I can't figure out how to get a row for the min(timestamp) for each hour of the current_date.
select *
from source_readings
use index(ID_And_Time)
where source_id = 'PMPROD'
and date(timestamp)=CURRENT_DATE
and timestamp =
( select min(timestamp)
from source_readings use index(ID_And_Time)
where source_id = 'PMPROD'
)
The above code, of course, gives me one record. I need one record for the min(hour(timestamp)) of the current_date.
My result set should contain the rows for IDs: 123,127,128,130. I've played with it for hours. Who can be my hero? :)
Try below:
SELECT * FROM source_readings
JOIN
(
SELECT ID, DATE_FORMAT(timestamp, '%Y-%m-%d %H') as current_hour,MIN(timestamp)
FROM source_readings
WHERE source_id = 'PMPROD'
GROUP BY current_hour
) As reading_min
ON source_readings.ID = reading_min.ID
SELECT a.*
FROM Table1 a
INNER JOIN
(
SELECT DATE(TIMESTAMP) date,
HOUR(TIMESTAMP) hour,
MIN(TIMESTAMP) min_date
FROM Table1
GROUP BY DATE(TIMESTAMP), HOUR(TIMESTAMP)
) b ON DATE(a.TIMESTAMP) = b.date AND
HOUR(a.TIMESTAMP) = b.hour AND
a.timestamp = b.min_date
SQLFiddle Demo
With window function:
WITH ranked (
SELECT *, ROW_NUMBER() OVER(PARTITION BY HOUR(timestamp) ORDER BY timestamp) rn
FROM source_readings -- original table
WHERE date(timestamp)=CURRENT_DATE AND source_id = 'PMPROD' -- your custom filter
)
SELECT * -- this will contain `rn` column. you can select only necessary columns
FROM ranked
WHERE rn=1
I haven't tested it, but the basic idea is:
1) ROW_NUMBER() OVER(PARTITION BY HOUR(timestamp) ORDER BY timestamp)

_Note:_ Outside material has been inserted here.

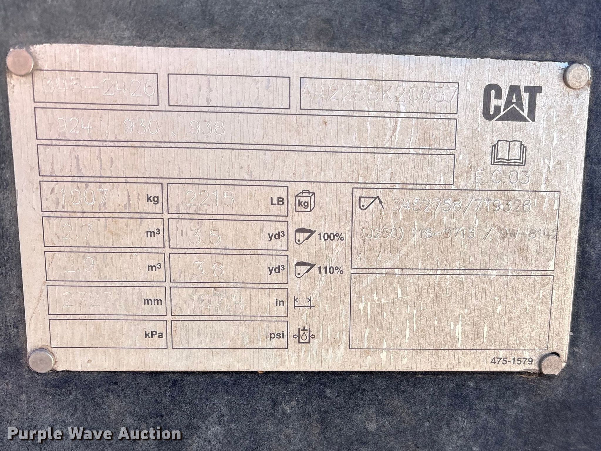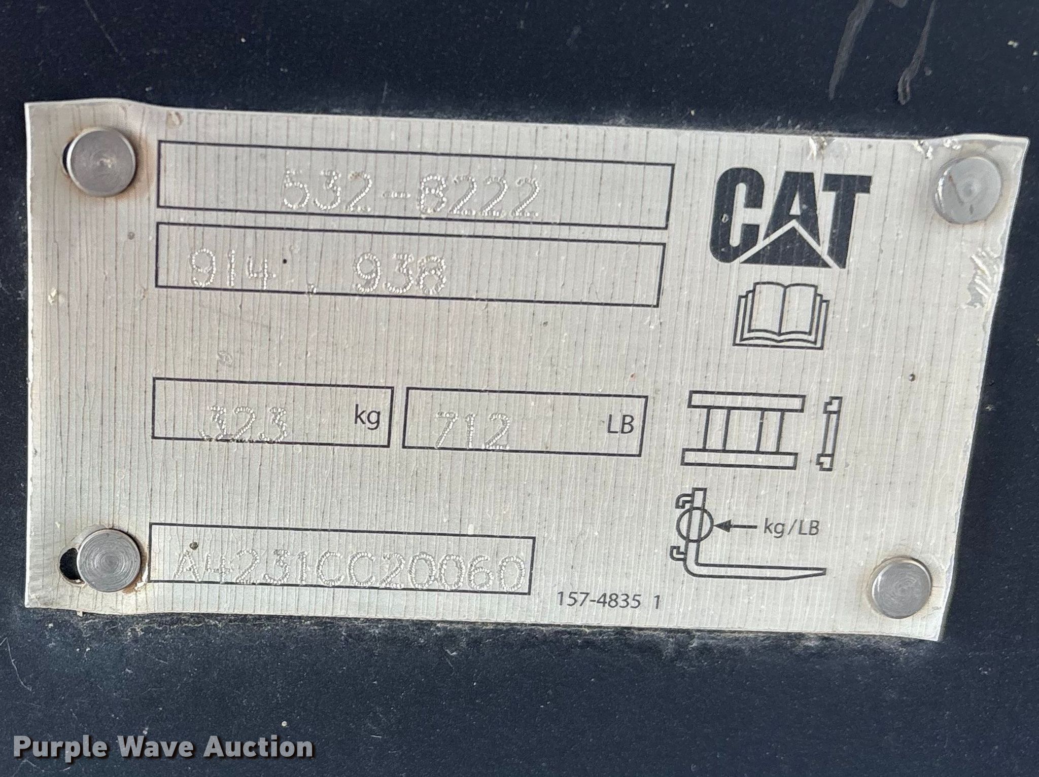 2023 Caterpillar 930M wheel loader. Hours: 7,513 on meter, Serial: CAT0930MCJ5K00581. Engine Caterpillar C7.1, Serial: J7A30312, Displacement: 7.01L, Cylinders: 6, Fuel type: Diesel. Transmission Powershift, 4F - 4R. Operators station Enclosed cab, AC, Heat, Bucket controls: Joystick, Ride control. Features Auxiliary hydraulics: Front, Quick coupler: Hydraulic, Counter weights, Self-leveling loader, Bucket Caterpillar, Capacity: 3.5 cu.yd., Width: 107", Cutting edge: Bolt-on, Forks Caterpillar, Length: 54". Tires Size: 20.5R25. Stratford, TX 79084

This will give each row a number, starting from 1 for each hour, increasing by timestamp. The result might look like:
|rest of columns |rn
123,'2013-03-01 06:05:24',PMPROD,12345678.99,1
124,'2013-03-01 06:15:17',PMPROD,88888888.99,2
125,'2013-03-01 06:25:24',PMPROD,33333333.33,3
126,'2013-03-01 06:38:14',PMPROD,44444444.44,4
127,'2013-03-01 07:12:04',PMPROD,55555555.55,1
128,'2013-03-01 10:38:14',PMPROD,44444444.44,1
129,'2013-03-01 10:56:14',PMPROD,22222222.22,2
130,'2013-03-01 15:28:02',PMPROD,66666666.66,1
2) Then on the main query we select only rows with rn=1, in other words, rows that has lowest timestamp in each hourly partition (1st row after sorted by timestamp in each hour).